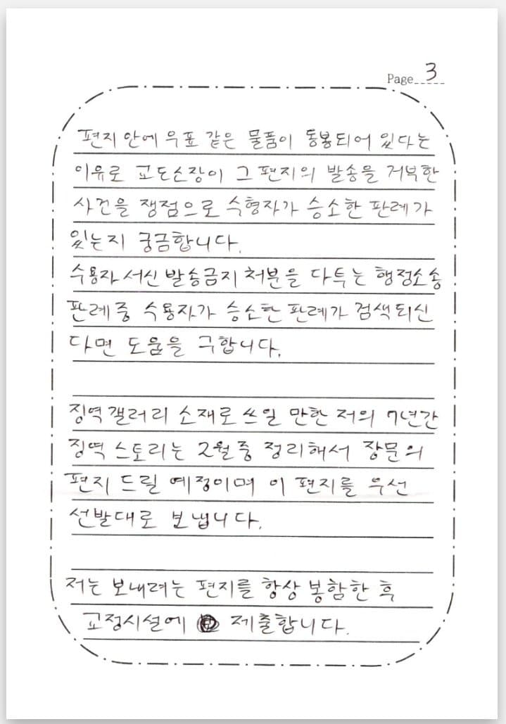 2. 요즘 감옥안에서 부당한 대우에 대해서 행정소송 존나 난사하는중이다.
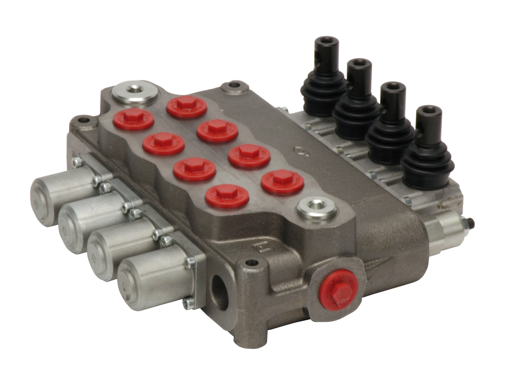 4-section SD18 monoblock directional valve with built-in pressure relief valve and 4 spools in parallel. Manually activated with handlevers.
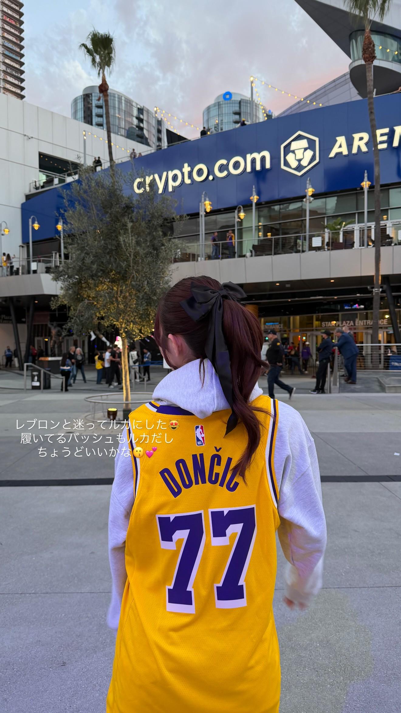 本场比赛,日本著名艺术女星葵伊吹来到斯台普斯中心观看湖勇大战,她在社媒分享了多张图片,通过图片可以看到,葵伊吹身着东契奇77号球衣,坐在观众席最前排,紧挨湖人替补席。
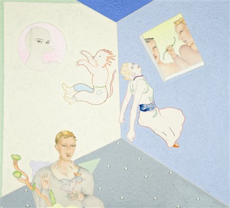 Luca Alinari Dal prisma, 2006 Acrilico, pomice e ricamo su tela applicata su tavola, cm. 95x105 Firmato in basso a destra. Bibliografia: Giovanni Faccenda "Luca Alinari, gli altri dentro di te", ediz. Masso delle Fate, pubblicato sul risvolto della copertina.
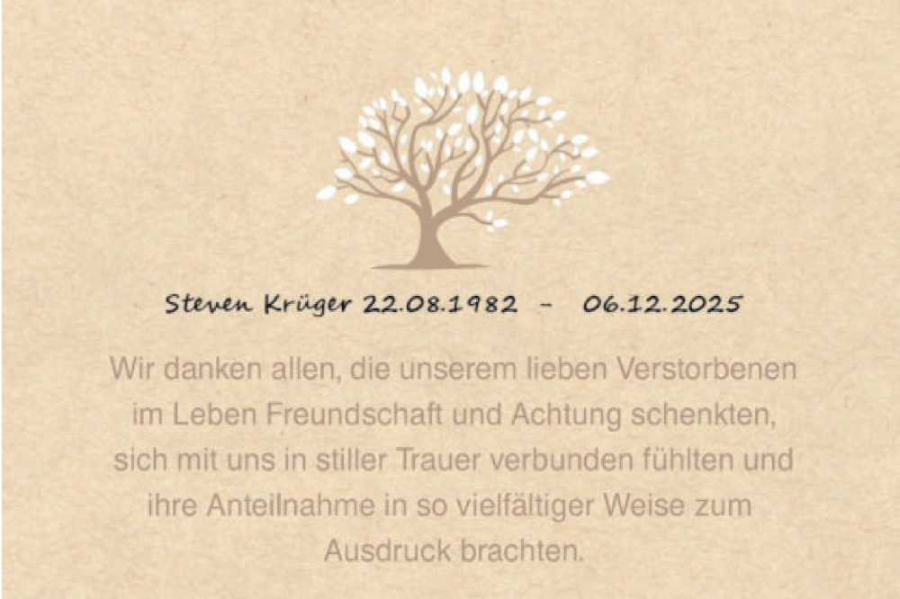 Hier finden Sie alle Traueranzeigen aus der Zeitung, die bisher für Steven Krüger erschienen sind. Weitere Traueranzeigen, die in der Zeitung erscheinen, werden hier ebenfalls aufgelistet
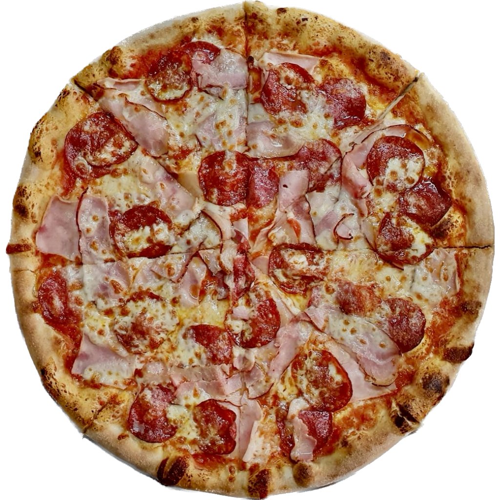Rajčatová polpa, mozzarella, šunka, slanina, paprikový salám
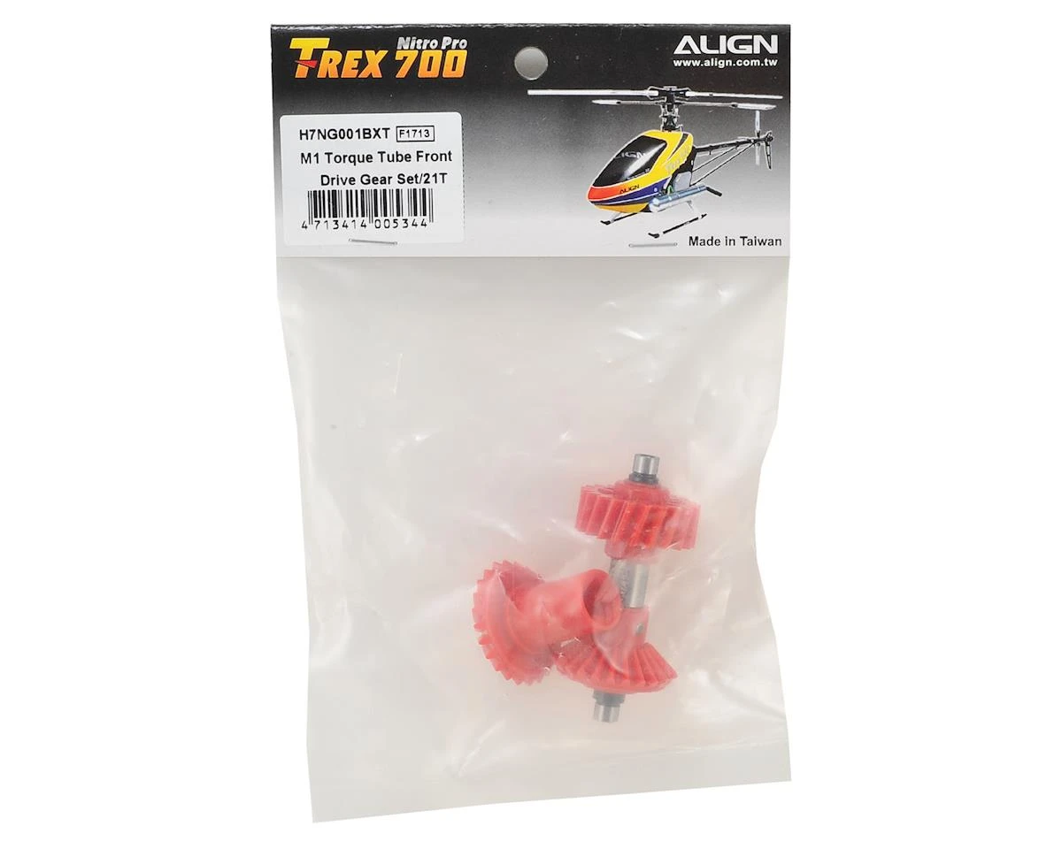 This is an optional Align 21 Tooth, M1 Torque Tube Front Drive Gear Set, and is intended for use with the Align T-REX 700N nitro helicopter. This gear set utilizes updated highest spec and superior anti-wear material to increase the overall strength and durability for torque tube drive gears. This material effectively minimizes gear striping and crash damage.
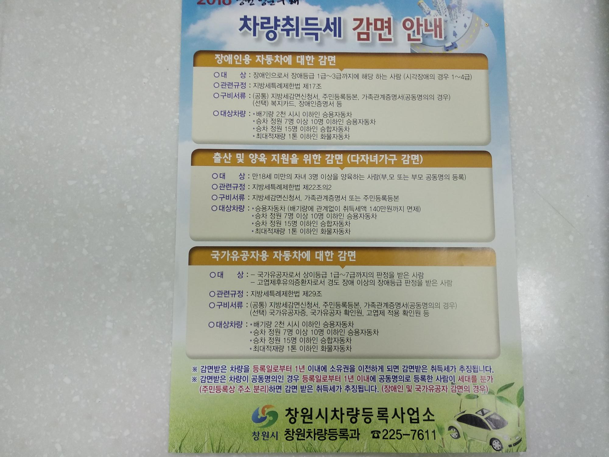 차량취득세 감면 안내입니다.
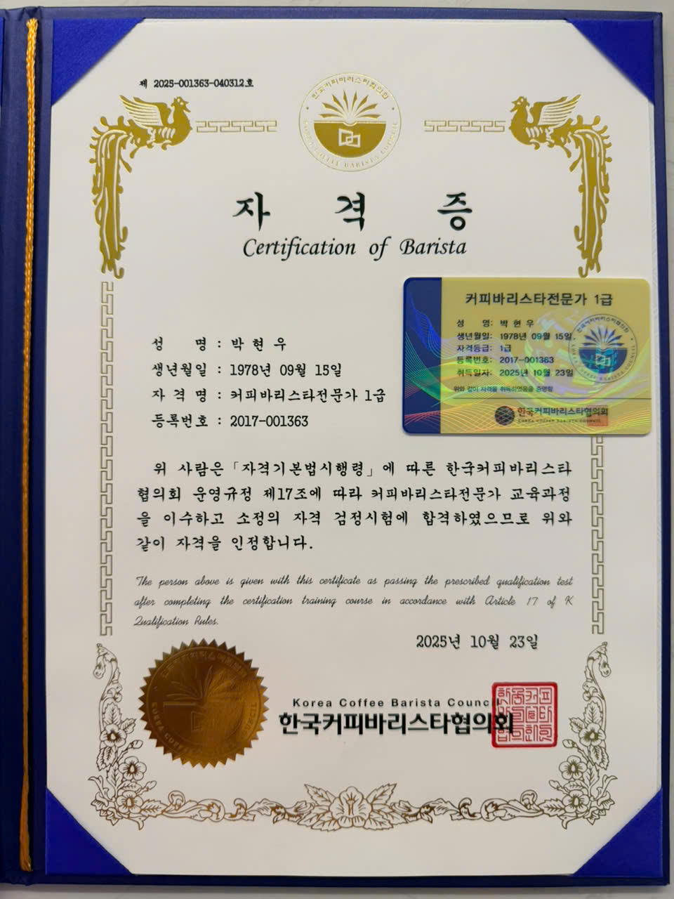 커피바리스타전문가 1급

______

- About this task
Write every entry again exactly as given, skipping the pictures.

- The answer
 2. 요즘 감옥안에서 부당한 대우에 대해서 행정소송 존나 난사하는중이다.
 4-section SD18 monoblock directional valve with built-in pressure relief valve and 4 spools in parallel. Manually activated with handlevers.
 本场比赛,日本著名艺术女星葵伊吹来到斯台普斯中心观看湖勇大战,她在社媒分享了多张图片,通过图片可以看到,葵伊吹身着东契奇77号球衣,坐在观众席最前排,紧挨湖人替补席。
 Luca Alinari Dal prisma, 2006 Acrilico, pomice e ricamo su tela applicata su tavola, cm. 95x105 Firmato in basso a destra. Bibliografia: Giovanni Faccenda "Luca Alinari, gli altri dentro di te", ediz. Masso delle Fate, pubblicato sul risvolto della copertina.
 Hier finden Sie alle Traueranzeigen aus der Zeitung, die bisher für Steven Krüger erschienen sind. Weitere Traueranzeigen, die in der Zeitung erscheinen, werden hier ebenfalls aufgelistet
Rajčatová polpa, mozzarella, šunka, slanina, paprikový salám
 This is an optional Align 21 Tooth, M1 Torque Tube Front Drive Gear Set, and is intended for use with the Align T-REX 700N nitro helicopter. This gear set utilizes updated highest spec and superior anti-wear material to increase the overall strength and durability for torque tube drive gears. This material effectively minimizes gear striping and crash damage.
 차량취득세 감면 안내입니다.
 커피바리스타전문가 1급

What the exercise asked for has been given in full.